A small, dependency-minimal Rust web crawler that fetches a seed URL, extracts same-host links from the homepage, and saves HTML responses to disk.
Built for learning and small local crawl tasks — not a production spider.
TL;DR#
What this is: A CLI and library that crawls a seed URL, follows same-host links found on the homepage, and writes each page to disk with structured stdout logging.
What this isn’t: A recursive or politeness-aware crawler. No robots.txt, rate limiting, or depth control by default.
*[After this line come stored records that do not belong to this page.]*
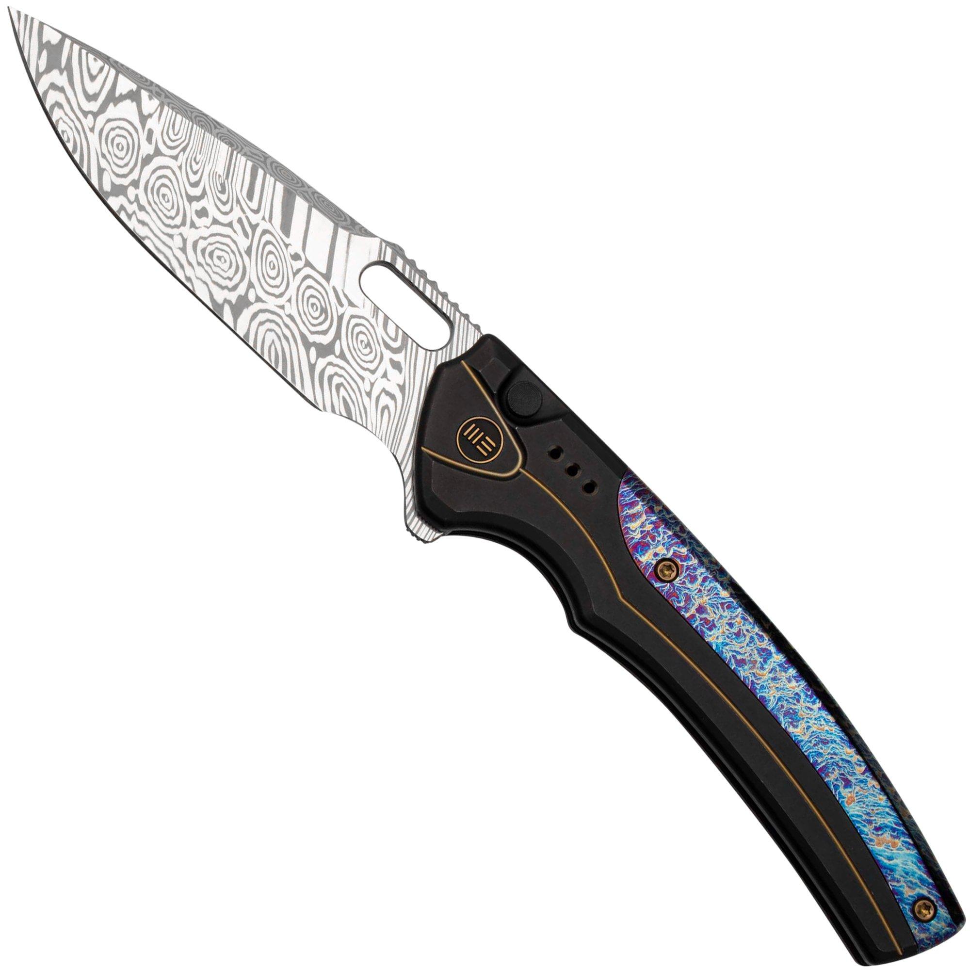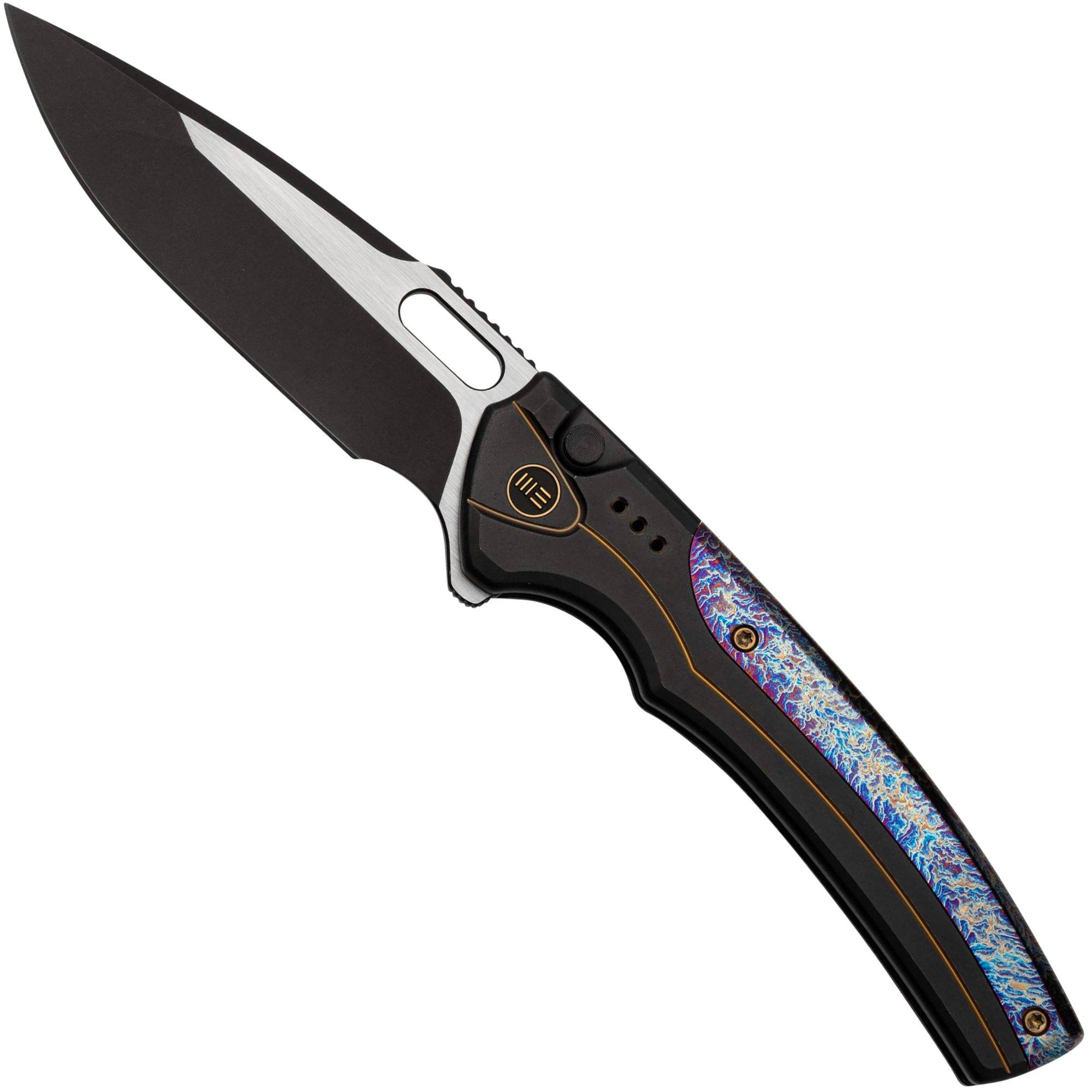 WE Knife Exciton WE22038A-6, Bead Blasted CPM 20CV Droppoint, Flamed Black Titanium, coltello da tasca
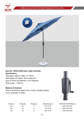 Size(cm) Pole(mm) Ribs(pcs) Dimension(cm) 20’GP/40’GP/40’HQ(pcs)
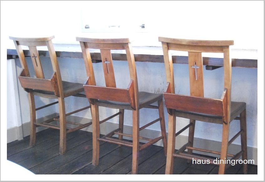 ここには憧れのチャーチチェアが並ぶカウンタ席があるし
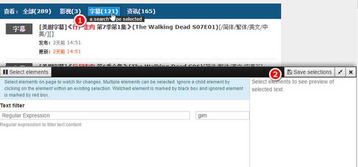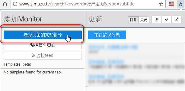 2、由于这个页面的更新时间有用到“X天前”,如果使用完整网页监控的话,就会监控到很多无用数据。所以,选择导航上面的“字幕(121)”即可,这样新的字幕只要发布,这个121就会增加。我们点击Chrome地址栏右侧的Distill Web Monitor 图标,选择“选择监控网页的某些部分”

Run: cargo run --release -- "https://example.com" --out-dir crawl_out
What it does#
- Accepts a seed URL (or hostname) as CLI input
- Fetches the homepage once
- Extracts
<a href="...">links on the first page - Normalizes each link to an absolute URL
- Follows only same-host links
- Fetches each same-host page once
- Saves each response body in
out_dirusing a deterministic URL hash filename - Logs crawl events to stdout with status and byte counts
Project structure#
| Module | Role |
|---|---|
src/main.rs | CLI entrypoint using clap + tokio |
src/lib.rs | Reusable crawler API |
src/engine.rs | Crawl orchestration |
src/fetch.rs | HTTP fetch wrapper with reqwest |
src/links.rs | HTML link extraction |
src/storage.rs | File path generation, save HTML |
src/url_util.rs | URL normalization and same-host checks |
src/log.rs | Logging abstraction (stdout + pluggable) |
Usage#
Build and run from the project root:
cargo run --release -- "https://example.com" --out-dir crawl_outShort form:
cargo run --release -- example.com -o crawl_outDefaults:
out_dir:crawl_out
Output#
crawl_out/<url_hash>.html—url_hashis derived from the normalized final URL- Stdout log events include:
seed,response,fetch,save,skip_links,link_skip,fetch_err,save_err
Configuration#
No configuration file. CLI args only.
Tests#
No test files are currently included. The library is unit-test-friendly via Crawler::with_logger and CrawlConfig.
Dependencies#
reqwest— HTTP clienttokio— async runtimeanyhow— error handlingclap— CLIurl— URL parsing
Extending#
- Add depth control (breadth-first / recursive crawl)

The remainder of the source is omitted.